**DATA**
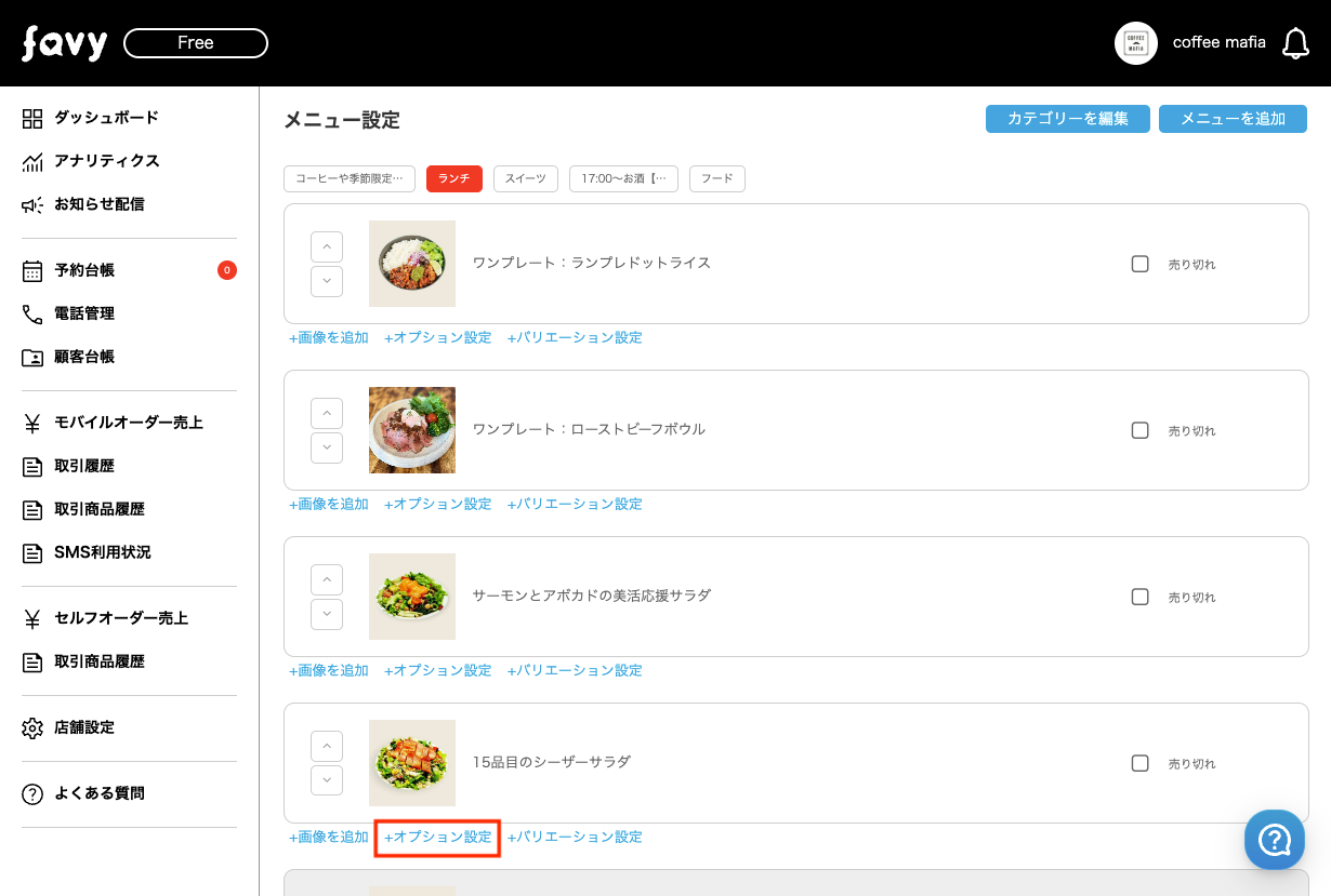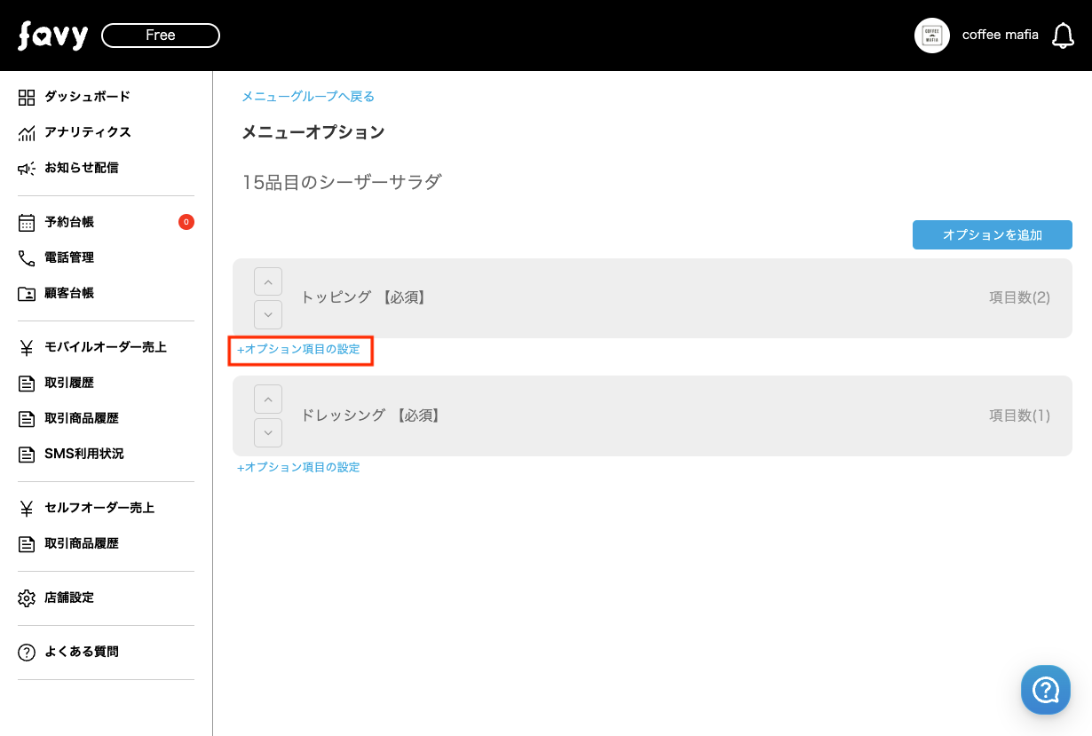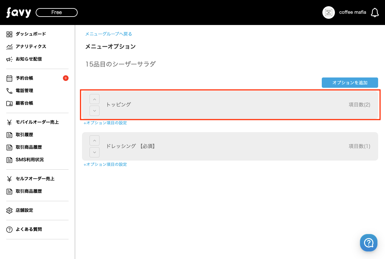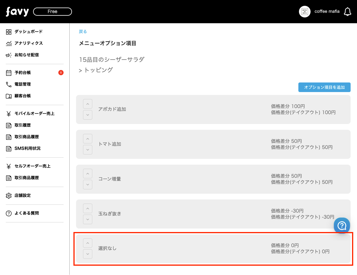 このたびfavyモバイルオーダー(事前決済・事後決済)では、メニューのオプションを「選択必須のみ」に変更となりました。
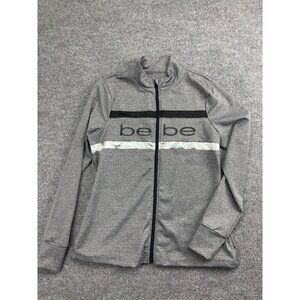 Bebe Athletic Track Jacket Women's XL Heather Gray Mesh Striped Zip Front Pocket
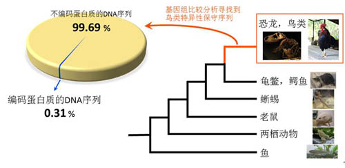 图2 鸟类在演化过程中几乎没有产生新的基因:通过比较48只鸟及9种其他动物的基因组,发现在鸟类特异保守的DNA序列中,几乎全是(99.69%)不编码蛋白质的。

**PROMPT**
Everything from the line containing "Bebe Athletic Track" through the final line of the material must be set down exactly, except the pictures.

**OUTPUT OF THE TASK**
 Bebe Athletic Track Jacket Women's XL Heather Gray Mesh Striped Zip Front Pocket
 图2 鸟类在演化过程中几乎没有产生新的基因:通过比较48只鸟及9种其他动物的基因组,发现在鸟类特异保守的DNA序列中,几乎全是(99.69%)不编码蛋白质的。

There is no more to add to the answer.